Other benefits compared to low-level GPU programming models include enhanced productivity (Portland group claims that many developers see performance gains in just minutes) and improved source code portability achieved by retaining compatibility across GPUs and CPUs. PGI 2012 fully supports the PGI Accelerator 1.3 specification including asynchronous data transfer and kernel launch directives and enhanced data management capabilities.
Based in large part on the PGI Accelerator programming model, the OpenACC API provides a hardware-independent methodology for programming accelerators, coprocessors, and related offload engines. Currently, PGI is conducting a closed evaluation of its first Fortran and C compilers to include support for a subset of the OpenACC 1.0 specification. PGI expects to ship fully OpenACC version 1.0 conformant compilers by mid-year 2012.

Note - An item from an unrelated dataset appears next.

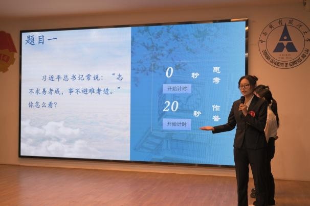 在抢答环节,选手们围绕公共管理领域热点问题与结构化面试经典考题展开激烈角逐。王心宇结合专业所学深刻诠释“志不求易者成,事不避难者进”;骆曼围绕思政教育“金课”阐述教师引领与全民参与;李颖就公众号建设提出调研需求、借鉴经验、借助推广等务实思路,条理清晰、贴合实际。随后的趣味抢答环节涵盖党的建设、节气常识等内容,现场观众踊跃参与,气氛轻松热烈。

Other features and enhancements in PGI 2012 include expanded support for the new Advanced Vector Extensions to the x64 instruction set architecture (AVX) in the latest Intel Sandy Bridge and AMD Bulldozer CPUs, improved auto-parallelization support, support for recursive I/O (part of the Fortran 2003 language standard), a new GNU compatible C++ compiler with all PGI features and optimizations, OpenMP nested parallelism, remote cluster debugging support, and Eclipse integration of the PGI C/C++ compilers on Linux.

PGI 2012 supports the latest operating system releases including Red Hat Enterprise Linux 6.2, Fedora 16, SLES 11 SP1, Ubuntu 11.10, and Apple OS X Lion.